### Work item
Ignoring pictures, transcribe exactly the lines between the one containing "My favorite hanging" and the end of the material, both included.

★ ★ ★ ★

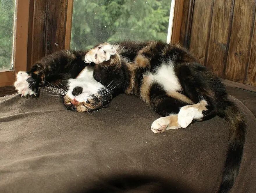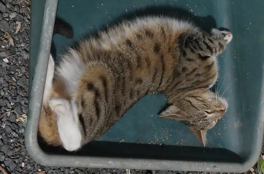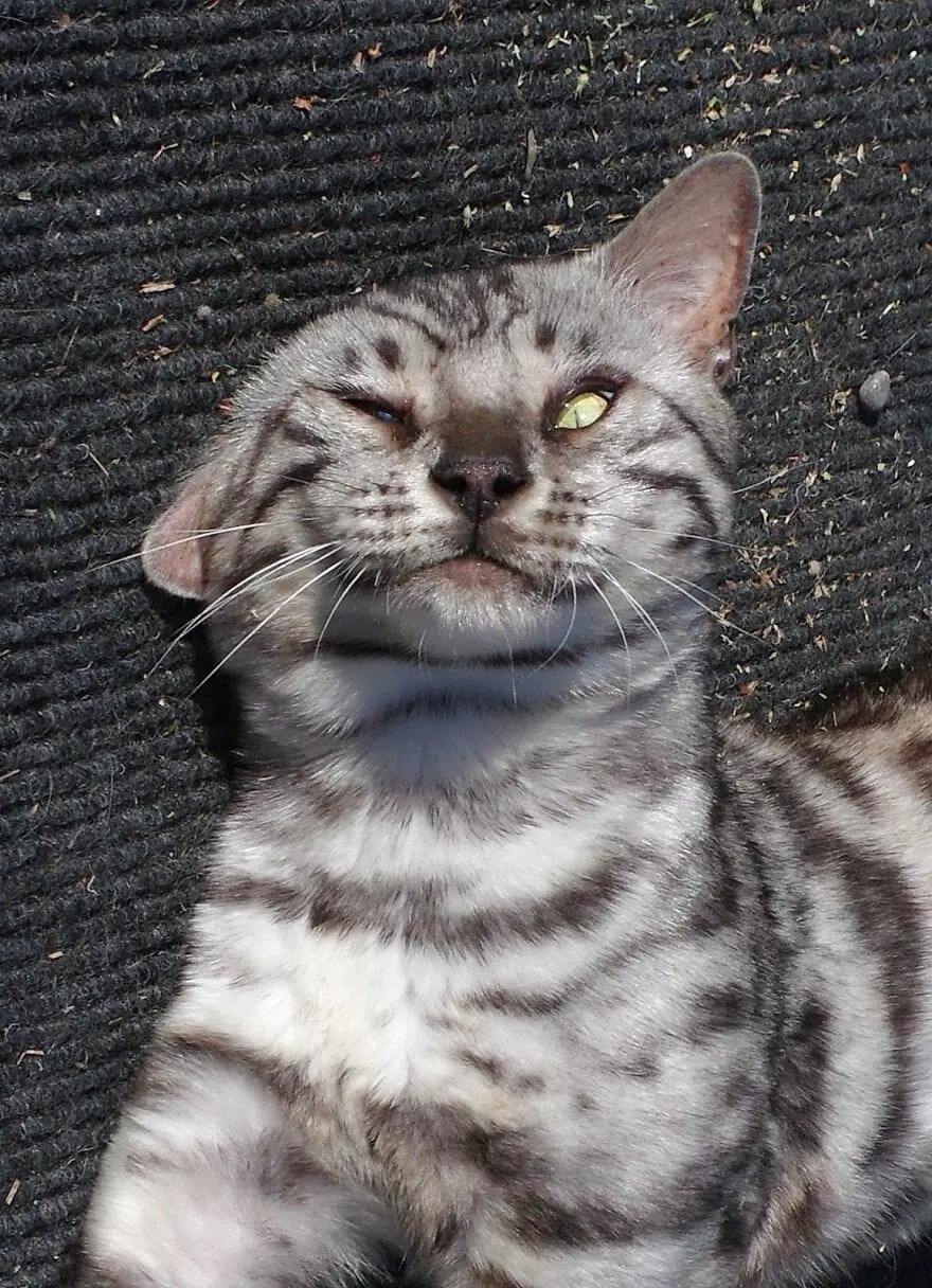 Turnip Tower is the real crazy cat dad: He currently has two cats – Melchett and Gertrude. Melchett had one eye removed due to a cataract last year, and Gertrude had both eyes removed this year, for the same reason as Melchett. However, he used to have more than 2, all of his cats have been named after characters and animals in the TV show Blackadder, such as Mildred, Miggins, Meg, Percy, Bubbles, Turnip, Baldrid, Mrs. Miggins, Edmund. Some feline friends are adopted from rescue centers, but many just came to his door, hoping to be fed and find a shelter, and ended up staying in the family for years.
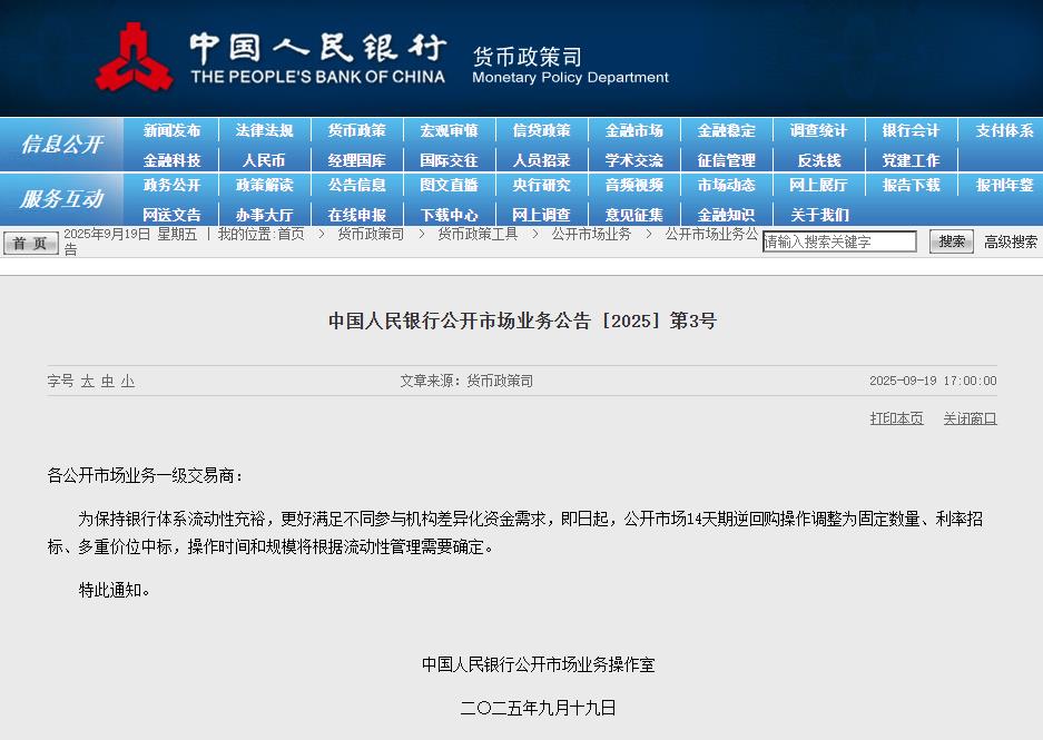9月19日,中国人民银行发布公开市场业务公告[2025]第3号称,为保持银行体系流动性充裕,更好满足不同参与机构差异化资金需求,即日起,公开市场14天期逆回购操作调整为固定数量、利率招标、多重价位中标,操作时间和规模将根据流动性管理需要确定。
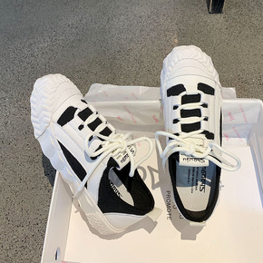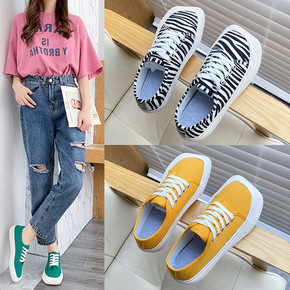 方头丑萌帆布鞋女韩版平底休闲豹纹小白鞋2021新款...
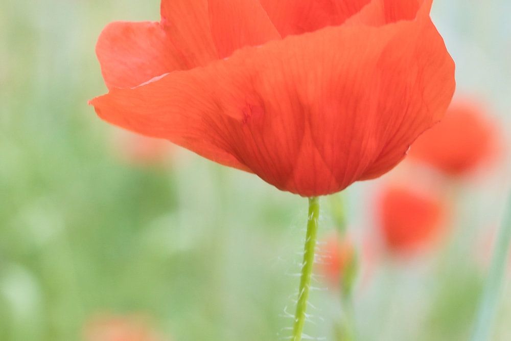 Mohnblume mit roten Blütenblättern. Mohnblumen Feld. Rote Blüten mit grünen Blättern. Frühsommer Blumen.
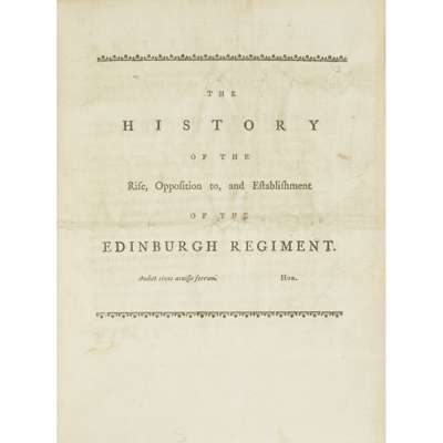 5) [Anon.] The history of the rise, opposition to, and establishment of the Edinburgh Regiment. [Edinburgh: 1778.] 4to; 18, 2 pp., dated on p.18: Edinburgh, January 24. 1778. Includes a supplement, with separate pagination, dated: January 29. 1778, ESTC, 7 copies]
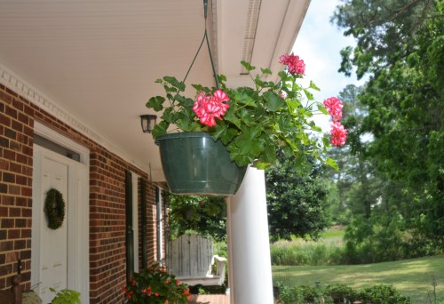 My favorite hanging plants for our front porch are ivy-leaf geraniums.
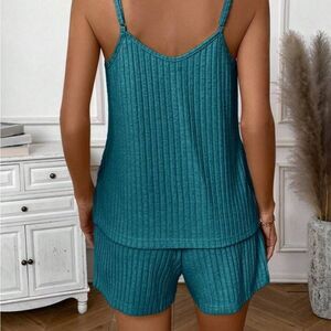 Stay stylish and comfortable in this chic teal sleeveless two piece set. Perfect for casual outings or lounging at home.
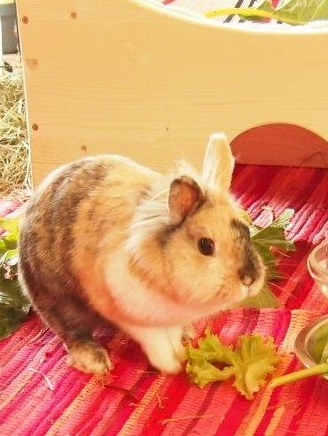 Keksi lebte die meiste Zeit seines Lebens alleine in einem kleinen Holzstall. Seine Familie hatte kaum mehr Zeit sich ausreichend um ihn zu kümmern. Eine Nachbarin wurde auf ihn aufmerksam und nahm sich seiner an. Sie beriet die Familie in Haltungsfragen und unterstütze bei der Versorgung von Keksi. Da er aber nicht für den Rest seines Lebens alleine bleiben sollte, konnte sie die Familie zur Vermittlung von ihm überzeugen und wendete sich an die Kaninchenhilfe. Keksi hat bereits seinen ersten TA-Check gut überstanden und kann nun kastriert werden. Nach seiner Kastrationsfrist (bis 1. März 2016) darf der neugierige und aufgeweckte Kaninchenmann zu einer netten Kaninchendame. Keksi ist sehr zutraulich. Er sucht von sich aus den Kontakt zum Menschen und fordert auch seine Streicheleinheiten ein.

★ ★ ★ ★

### Expected output
 My favorite hanging plants for our front porch are ivy-leaf geraniums.
 Stay stylish and comfortable in this chic teal sleeveless two piece set. Perfect for casual outings or lounging at home.
 Keksi lebte die meiste Zeit seines Lebens alleine in einem kleinen Holzstall. Seine Familie hatte kaum mehr Zeit sich ausreichend um ihn zu kümmern. Eine Nachbarin wurde auf ihn aufmerksam und nahm sich seiner an. Sie beriet die Familie in Haltungsfragen und unterstütze bei der Versorgung von Keksi. Da er aber nicht für den Rest seines Lebens alleine bleiben sollte, konnte sie die Familie zur Vermittlung von ihm überzeugen und wendete sich an die Kaninchenhilfe. Keksi hat bereits seinen ersten TA-Check gut überstanden und kann nun kastriert werden. Nach seiner Kastrationsfrist (bis 1. März 2016) darf der neugierige und aufgeweckte Kaninchenmann zu einer netten Kaninchendame. Keksi ist sehr zutraulich. Er sucht von sich aus den Kontakt zum Menschen und fordert auch seine Streicheleinheiten ein.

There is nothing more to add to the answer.